BEGIN Source information

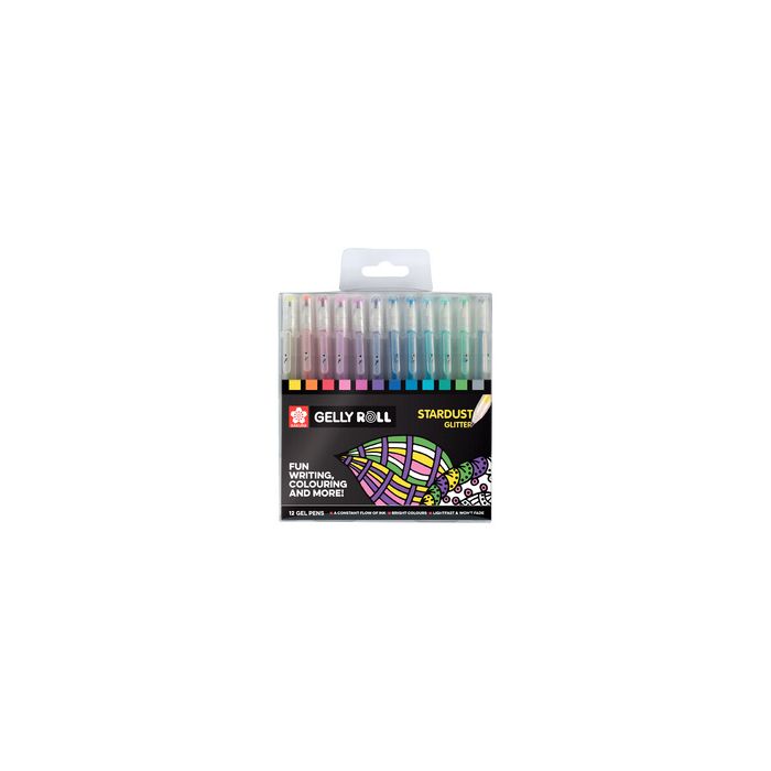 SAKURA Stylo roller encre gel Gelly Roll Stardust étui de 12couleurs assorties, effets brillants et irisés, écriture fluide, flux de l'encre continu sans pression, séchage rapi-de, étui en plastique contenu : 12 pièces (POXPGBSTA12) idéal pour dessiner, pour le journaling, pour décorer et écrire
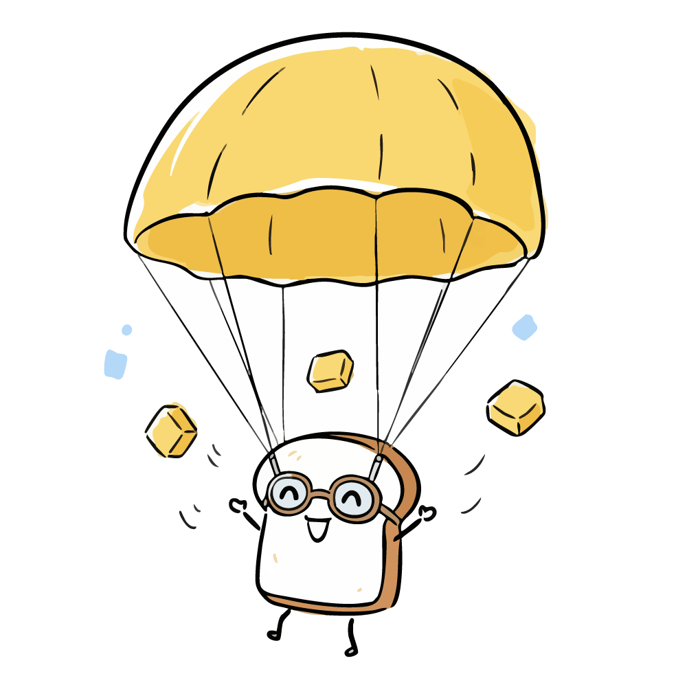 擬人化されたかわいい食パンのキャラクターが、大きなチーズ(またはバター)をパラシュート代わりにして、空からふわりと降りてくる様子を描いた、ファンタジックな無料イラストです。食パンはゴーグルをつけ、両手を広げて大喜びしており、冒険を楽しんでいるようです。彼の周りには、小さなバター(またはチーズ)のキューブが一緒に浮かんでおり、美味しそうで楽しい雰囲気を一層高めています。「美味しい朝食が空からやってくる」といったイメージを連想させる、遊び心あふれるデザインです。
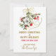 Anúncio de mudança de Natal com saudações de Feliz Natal e felizes festas com ilustração de visco em aquarela. Personalize com a foto da sua família e mensagem no verso.
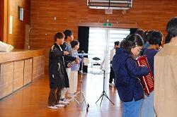 18日と19日に,2学期の終業式で全校のみんなに演奏を披露するため,体育館で発表練習を行いました。
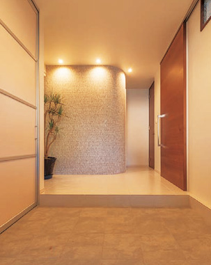 白を基調とした玄関。天然石の壁が住まいの奧へと導きます
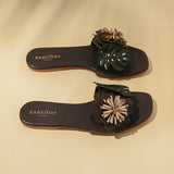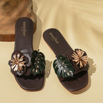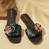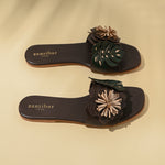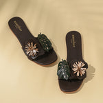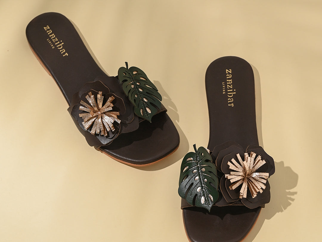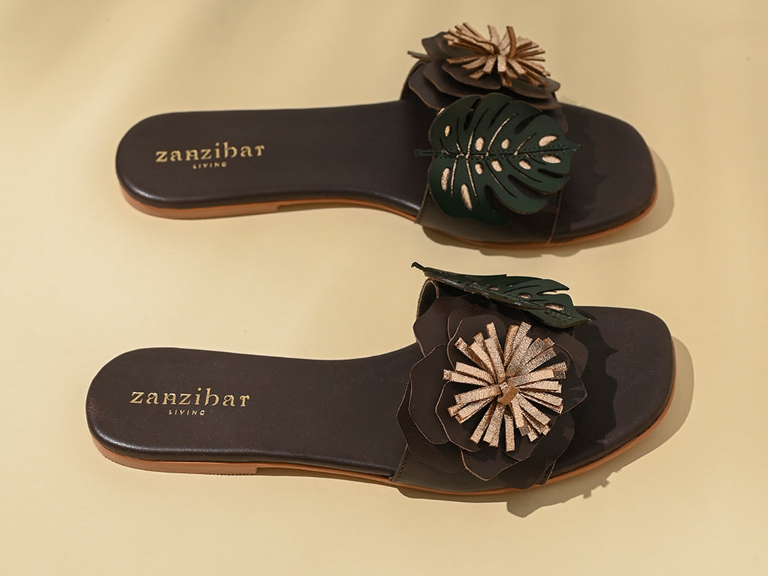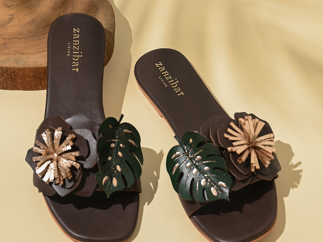 Handcrafted slides with hand cut flower and leaf detail wit gold lining. Best worn to amp up any look, sipping sangria and taking in the sunlight.
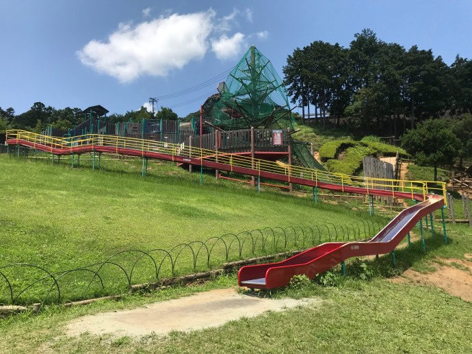 冒険の森。巨大なアスレチックがそびえ立ち、週末には親子連れで大変な賑わいをみせる場所です。※アスレチックの使用は年齢制限があります。詳しくはコチラをご確認ください。

END Source information

What the task requires:
Would you print all of the entries exactly, omitting any image?

Result below:
 SAKURA Stylo roller encre gel Gelly Roll Stardust étui de 12couleurs assorties, effets brillants et irisés, écriture fluide, flux de l'encre continu sans pression, séchage rapi-de, étui en plastique contenu : 12 pièces (POXPGBSTA12) idéal pour dessiner, pour le journaling, pour décorer et écrire
 擬人化されたかわいい食パンのキャラクターが、大きなチーズ(またはバター)をパラシュート代わりにして、空からふわりと降りてくる様子を描いた、ファンタジックな無料イラストです。食パンはゴーグルをつけ、両手を広げて大喜びしており、冒険を楽しんでいるようです。彼の周りには、小さなバター(またはチーズ)のキューブが一緒に浮かんでおり、美味しそうで楽しい雰囲気を一層高めています。「美味しい朝食が空からやってくる」といったイメージを連想させる、遊び心あふれるデザインです。
 Anúncio de mudança de Natal com saudações de Feliz Natal e felizes festas com ilustração de visco em aquarela. Personalize com a foto da sua família e mensagem no verso.
 18日と19日に,2学期の終業式で全校のみんなに演奏を披露するため,体育館で発表練習を行いました。
 白を基調とした玄関。天然石の壁が住まいの奧へと導きます
 Handcrafted slides with hand cut flower and leaf detail wit gold lining. Best worn to amp up any look, sipping sangria and taking in the sunlight.
 冒険の森。巨大なアスレチックがそびえ立ち、週末には親子連れで大変な賑わいをみせる場所です。※アスレチックの使用は年齢制限があります。詳しくはコチラをご確認ください。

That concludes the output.